56. Dans une ville de taille moyenne, sans bien m’en rendre compte tout d’abord, j’avais redécouvert le bruit. Bruit qui, sous la forme de l’excès, était absent de la petite ville de province où nous résidions, Daphné, Nelly, et moi. Ce fut l’oreille tendue, soudain, un plissement des yeux qui contracte les sourcils quand Nelly m’adressa la parole, qui me rappela ce qu’était le bruit, l’excès sonore. Des voitures passaient non loin de l’endroit où nous nous étions attablés pour déjeuner, fenêtres ouvertes, c’était encore l’été, laissant se propager les infrabasses qui semblent être l’alpha et l’oméga de toute musique populaire. Je me posai alors une de ces questions qu’on n’a pas tout à fait le droit de se poser, parce qu’elles n’ont pas l’apparence de la démocratie, quand même elles le seraient à défaut de le sembler : Est-ce que l’omniprésence des infrabasses dans la musique populaire contemporaine n’est pas en grande partie responsable de l’effondrement de l’intelligence ? Et, en réponse à cette question, j’eusse peut-être aimé me voir opposer un grand silence, mais il n’en fut rien. Rien, — que plus de bruit encore.
57. Comme il n’est pas possible de se libérer des idées des autres, et comme il ne vaut pas la peine d’avoir des idées si ce sont les idées des autres, avais-je écrit le matin, assis à ma table d’écriture face à la fenêtre qui donne sur le jardin, il faut sans cesse les métaboliser, assimiler en transformant pour assurer le fonctionnement de l’organisme qui pense, qui vit, qui écrit.
58. Un peu après, j’avais vu la photographie d’une petite fille lisant la constitution d’un pays devant des militaires ennemis qui la regardaient faire, et je m’étais dit, le problème de l’instantanéité, de l’immédiateté informatique, c’est que les légendes n’ont plus le temps de naître. Si quelque acte héroïque avait lieu (à supposer qu’il existe quelque chose comme « un acte héroïque »), il serait immédiatement connu du monde entier, et aussitôt chassé par un autre, et aussitôt chassé par un autre, et aussitôt chassé par un autre, et caetera ad infinitum. Il n’y a plus de légende, il n’y a plus que du passé immédiat, de l’oubli automatique, obligatoire, forcé, forcené — qui pourrait bien se souvenir d’une masse infinie d’informations ?
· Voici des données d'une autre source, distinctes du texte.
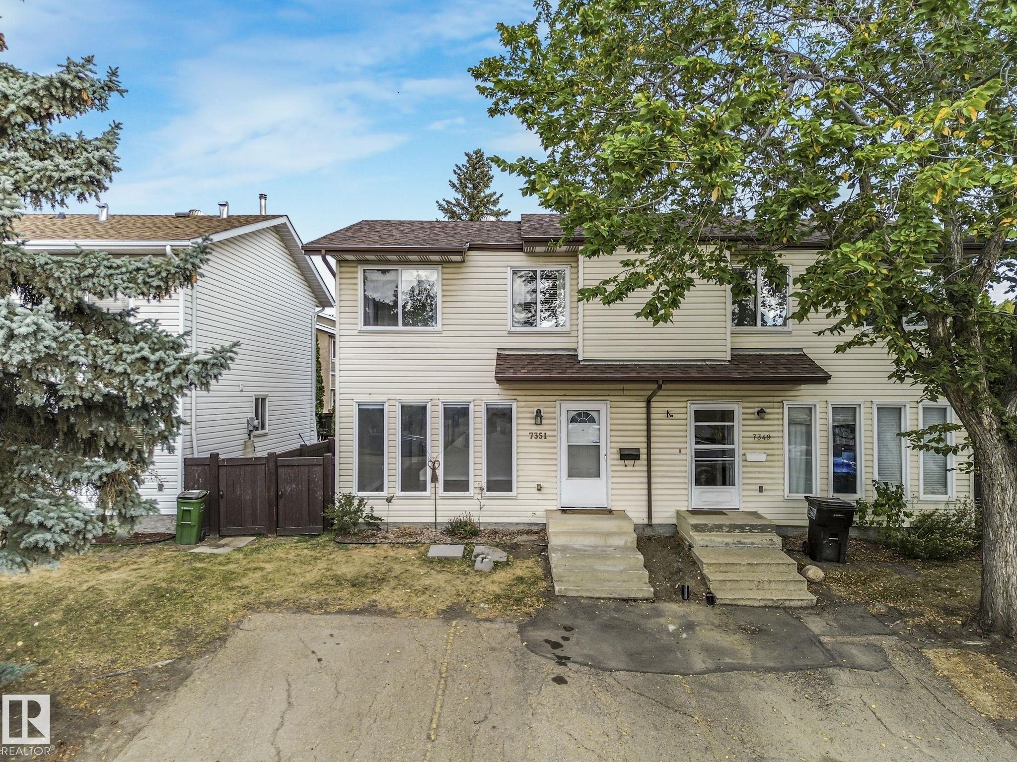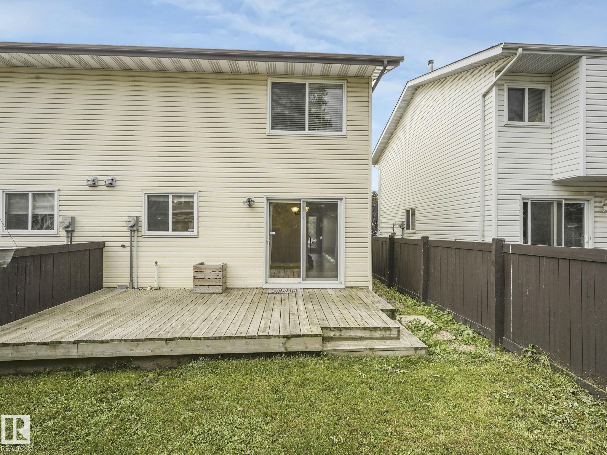 Pride of ownership shines in this well kept half-duplex, ideally located near schools, parks, shopping, transit, and the YMCA. The bright main floor features large windows, a spacious living area, and an functional kitchen with newer dishwasher, fridge and pantry. The dining area opens to a large deck in your private backyard, perfect for summer BBQs. Upstairs offers a generous primary bedroom with walk-in closet, two additional bedrooms, upper-level laundry, and fully renovated 4-piece bath. The finished basement adds a family room with built-in bookcases, a fourth flex room, and smart storage. Recent updates include HE furnace (2012), deck and shed (2013). With two parking stalls at the front door and visitor parking nearby, this home blends comfort, convenience, and value.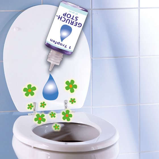 Versez simplement une goutte du stop-odeurs 1-goutte dans la cuvette du WC avant d’aller aux toilettes et une bonne odeur de menthe fraîche se répand immédiatement dans la salle de bain ou les toilettes. Empêche la formation d’odeurs désagréables. Contenance :18 ml.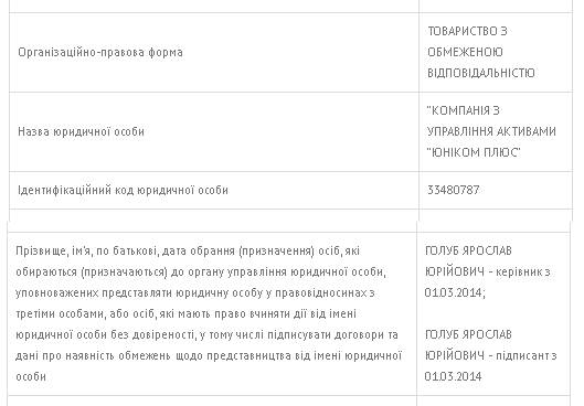 Одновременно тот же Ярослав Голуб руководит еще одной фирмой - компанией по управлению активами "Юником плюс". Она, в свою очередь, вместе с Андреем Перееденко является учредителями ООО "Бренд инвест":

59. Il pleuvait désormais.
60. J’étais assis à ma table d’écriture, au même endroit que deux semaines auparavant, pas très bien réveillé. Je levai les yeux et cherchai dans le ciel au-dessus du grand marronnier au fond du jardin une raison de continuer ou une raison de m’arrêter. Est-ce que je la trouvai ? Sur le moment, je n’en eus pas la moindre idée.
61. Les petits animaux, sur le bord de la route, morts, finiront-il par se dissoudre, et faire corps avec elle, la mort avec la non-vie, les écrasés avec le bitume, en découvrira-t-on les fossiles dans n milliards d’années, ou bien n’y aura-t-il plus personne plus jamais pour les observer ?
62. Suis-je le dernier ?
63. Qu’est-ce qu’une question, sinon une façon d’envisager le passé depuis un avenir non advenu ?
64. Un peu comme quand on dit à un enfant rebelle à tout, Mais qu’est-ce qu’on va bien pouvoir faire de toi ? Rien, justement. Du moins, est-ce notre espoir : que, surtout, on ne fasse rien de nous.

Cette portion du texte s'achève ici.